Task item:
The response must consist of the lines below from the one with "Pierre de massage" through the one with "肩書あだ名 | 『よしかわせいしろう総統』 |", exactly as they appear and with both ends kept.
*** Exercise material ***
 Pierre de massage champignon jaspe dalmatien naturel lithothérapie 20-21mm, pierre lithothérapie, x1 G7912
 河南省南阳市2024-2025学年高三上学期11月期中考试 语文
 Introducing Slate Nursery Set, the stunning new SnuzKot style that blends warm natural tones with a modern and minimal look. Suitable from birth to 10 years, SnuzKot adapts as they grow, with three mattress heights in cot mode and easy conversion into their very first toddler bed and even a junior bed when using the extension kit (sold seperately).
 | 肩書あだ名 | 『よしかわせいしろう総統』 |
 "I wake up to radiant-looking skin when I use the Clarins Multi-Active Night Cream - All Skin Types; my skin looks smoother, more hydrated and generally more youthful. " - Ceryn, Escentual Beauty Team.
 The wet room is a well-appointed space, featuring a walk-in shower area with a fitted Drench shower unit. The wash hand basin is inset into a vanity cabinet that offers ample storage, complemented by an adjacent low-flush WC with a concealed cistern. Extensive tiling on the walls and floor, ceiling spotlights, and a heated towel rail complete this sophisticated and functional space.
***
*** Exercise material ***
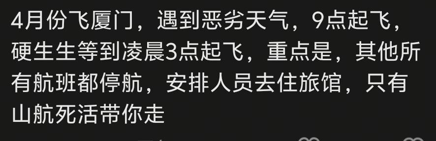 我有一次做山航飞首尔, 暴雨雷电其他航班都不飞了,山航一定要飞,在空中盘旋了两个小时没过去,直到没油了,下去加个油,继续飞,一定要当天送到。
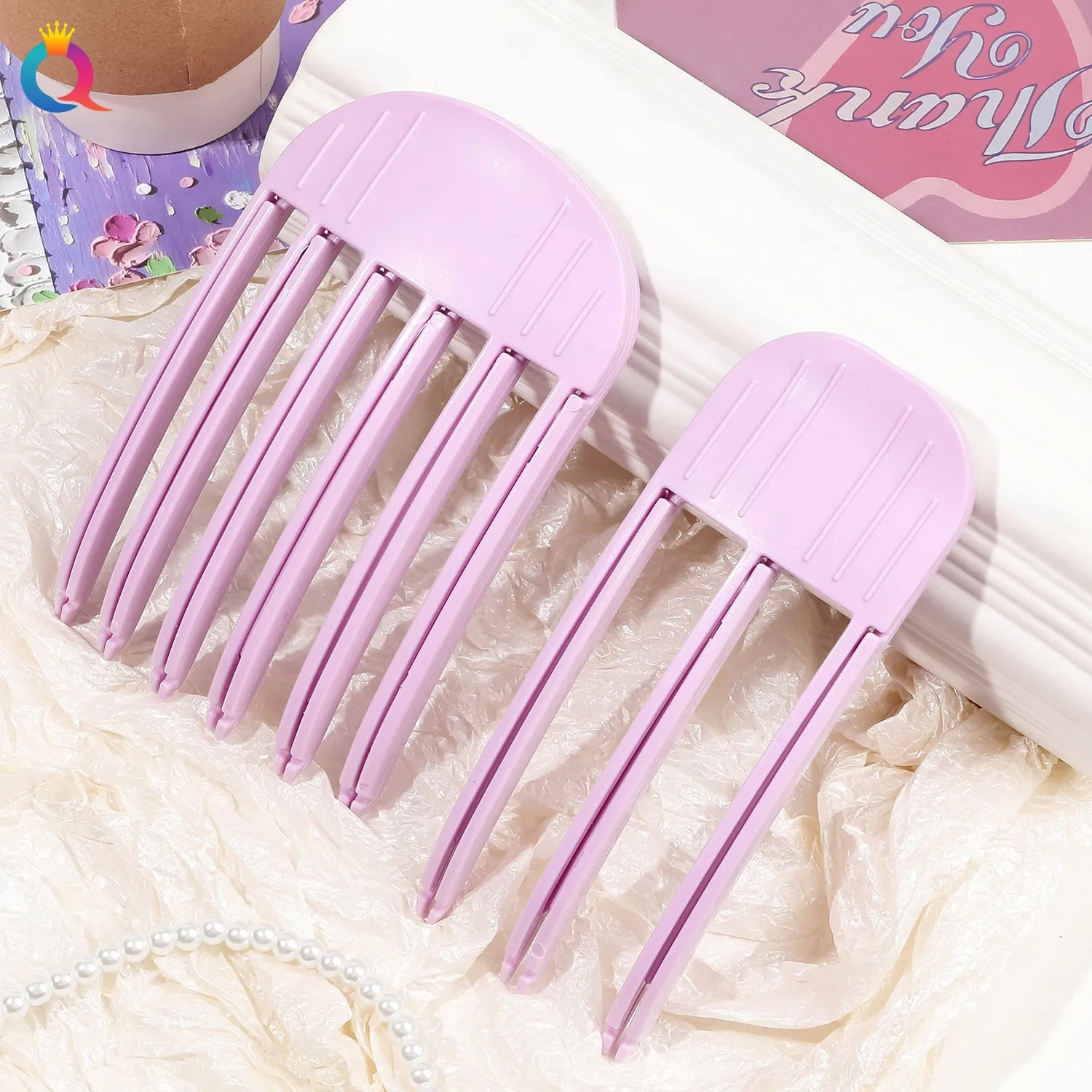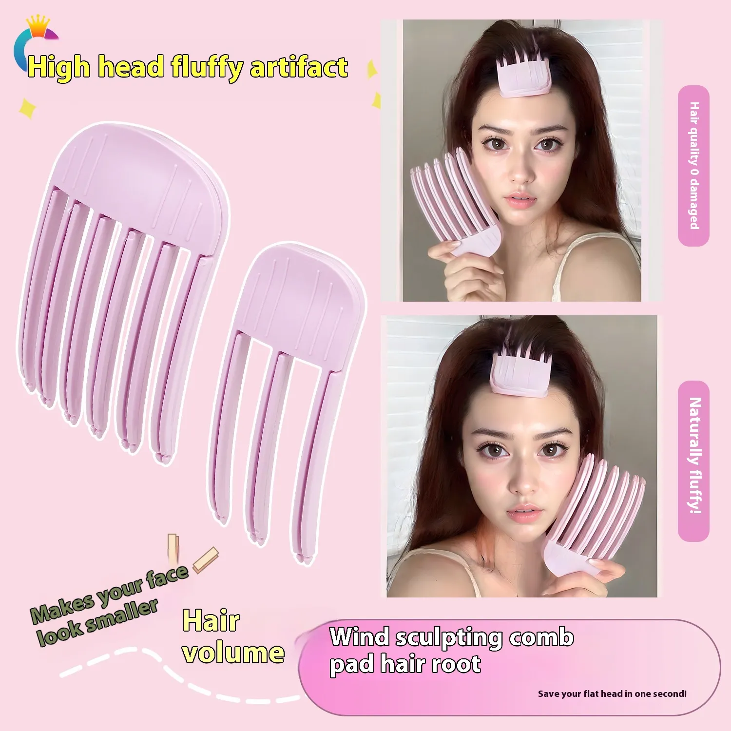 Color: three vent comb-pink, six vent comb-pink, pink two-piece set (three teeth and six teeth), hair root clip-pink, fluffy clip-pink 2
***
*** Exercise material ***
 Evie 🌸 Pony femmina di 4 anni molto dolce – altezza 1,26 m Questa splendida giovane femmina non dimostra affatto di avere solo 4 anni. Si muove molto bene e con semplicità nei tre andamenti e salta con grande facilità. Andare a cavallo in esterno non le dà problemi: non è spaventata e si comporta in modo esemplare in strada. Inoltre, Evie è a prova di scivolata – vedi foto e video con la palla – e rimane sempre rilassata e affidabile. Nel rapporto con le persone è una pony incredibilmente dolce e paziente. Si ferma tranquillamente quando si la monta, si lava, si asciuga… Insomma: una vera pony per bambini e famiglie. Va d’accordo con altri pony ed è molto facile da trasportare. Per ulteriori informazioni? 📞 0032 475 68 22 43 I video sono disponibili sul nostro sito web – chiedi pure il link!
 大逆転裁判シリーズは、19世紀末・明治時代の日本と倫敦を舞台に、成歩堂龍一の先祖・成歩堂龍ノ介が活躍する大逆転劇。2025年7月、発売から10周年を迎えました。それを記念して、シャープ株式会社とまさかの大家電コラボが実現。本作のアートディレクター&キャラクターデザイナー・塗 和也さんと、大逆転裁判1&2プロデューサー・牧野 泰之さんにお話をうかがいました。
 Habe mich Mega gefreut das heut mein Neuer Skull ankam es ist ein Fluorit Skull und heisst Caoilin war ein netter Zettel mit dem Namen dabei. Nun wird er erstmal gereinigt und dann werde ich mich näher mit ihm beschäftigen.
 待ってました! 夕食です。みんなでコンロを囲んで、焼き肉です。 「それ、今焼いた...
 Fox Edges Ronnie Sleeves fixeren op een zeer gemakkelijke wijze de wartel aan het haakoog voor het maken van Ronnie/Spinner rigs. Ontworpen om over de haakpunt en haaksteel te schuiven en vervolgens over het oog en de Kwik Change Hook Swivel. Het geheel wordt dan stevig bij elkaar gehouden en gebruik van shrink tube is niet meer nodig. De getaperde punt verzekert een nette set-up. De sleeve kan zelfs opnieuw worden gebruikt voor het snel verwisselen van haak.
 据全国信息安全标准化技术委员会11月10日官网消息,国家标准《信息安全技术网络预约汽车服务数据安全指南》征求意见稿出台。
***
Task solution:
 Pierre de massage champignon jaspe dalmatien naturel lithothérapie 20-21mm, pierre lithothérapie, x1 G7912
 河南省南阳市2024-2025学年高三上学期11月期中考试 语文
 Introducing Slate Nursery Set, the stunning new SnuzKot style that blends warm natural tones with a modern and minimal look. Suitable from birth to 10 years, SnuzKot adapts as they grow, with three mattress heights in cot mode and easy conversion into their very first toddler bed and even a junior bed when using the extension kit (sold seperately).
 | 肩書あだ名 | 『よしかわせいしろう総統』 |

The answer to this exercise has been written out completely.